Mary Wakefield Mary Wakefield

Tony Benn 1925 – 2014: a politician who actually believed in people

The former Labour Cabinet Minister, author and long-serving MP Tony Benn has passed away today, aged 88. In 2009, our deputy editor Mary Wakefield interviewed Benn about the financial crisis and the basic decency at the heart of all human beings. Here is the article in full.


I’m standing in Tony Benn’s front garden, on my way out but dawdling, reluctant to leave. Once I’m back on my bike I’ll be in Broken Britain again, snarling at the buses. But right now I’m still in Benn-land, where all people are kindly and the future is bright with mutual concern.

Even the outside of Benn’s house reflects the decency within. There’s a round brown plaque to commemorate his late wife: ‘Caroline de Camp Benn: writer, teacher and socialist, lived and worked here’. Below the plaque, a Labour-red front door hung with a polite sign: ‘Please come down to the basement’.
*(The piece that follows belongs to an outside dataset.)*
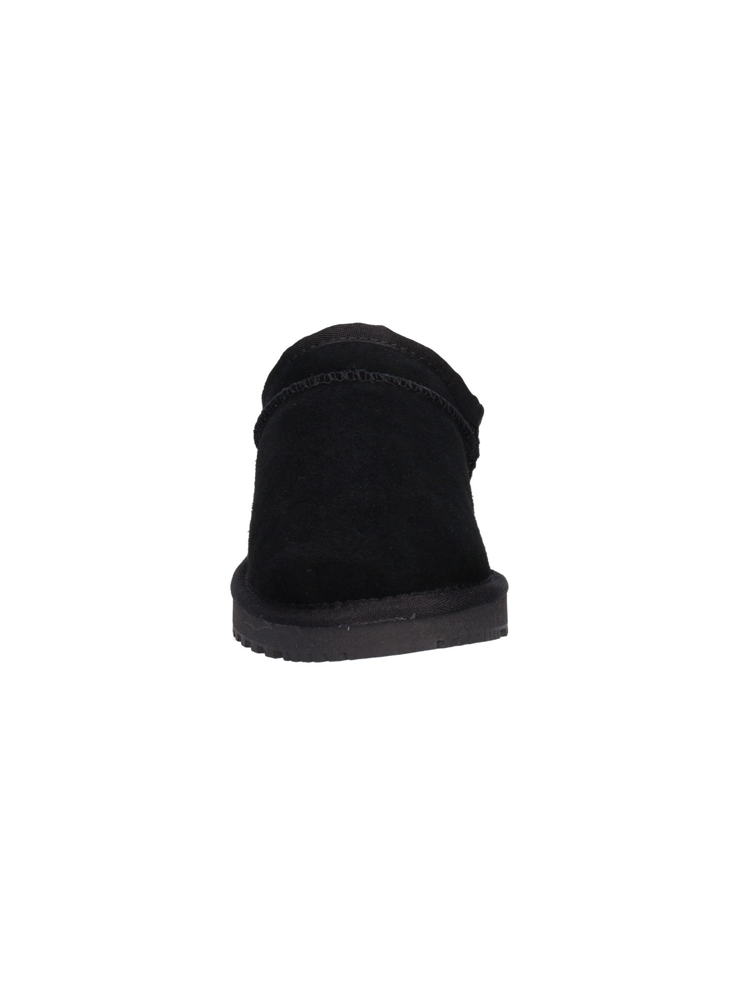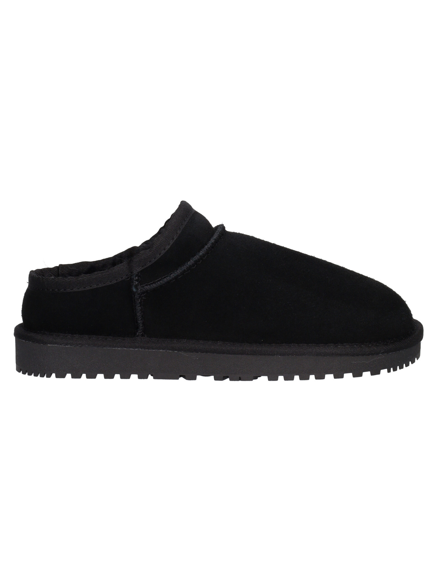 Sabot Keys da donna in pelle scamosciata nera con fodera e sottopiede in pelliccia ecologica e fondo in gomma antiscivolo.

So, an hour ago, I did: edging through an open door, down a corridor into an underground empire piled high with papers. There are in-trays, out-trays, filing cabinets labelled ‘TB’s special projects’; records of nearly 60 years in politics: of Benn’s first job as MP for Bristol South-East (1950); of his second constituency, Chesterfield; of various, important roles under Harold Wilson and Jim Callaghan: energy secretary, industry secretary, minister of technology and postmaster-general.

‘Hello there!’ Tony Benn appears from a tiny kitchen. ‘Ish inshtant coffee okay?’ Yes, I say, and sit down for a chat with a man I soon realise is unique: the only politician I’ve ever met who believes completely in the people he was elected to represent.

Because of the financial crisis, we begin by talking about unemployment, which leads to a disagreement (polite) about benefit scroungers, which instantly illuminates the heart of Benn’s beliefs.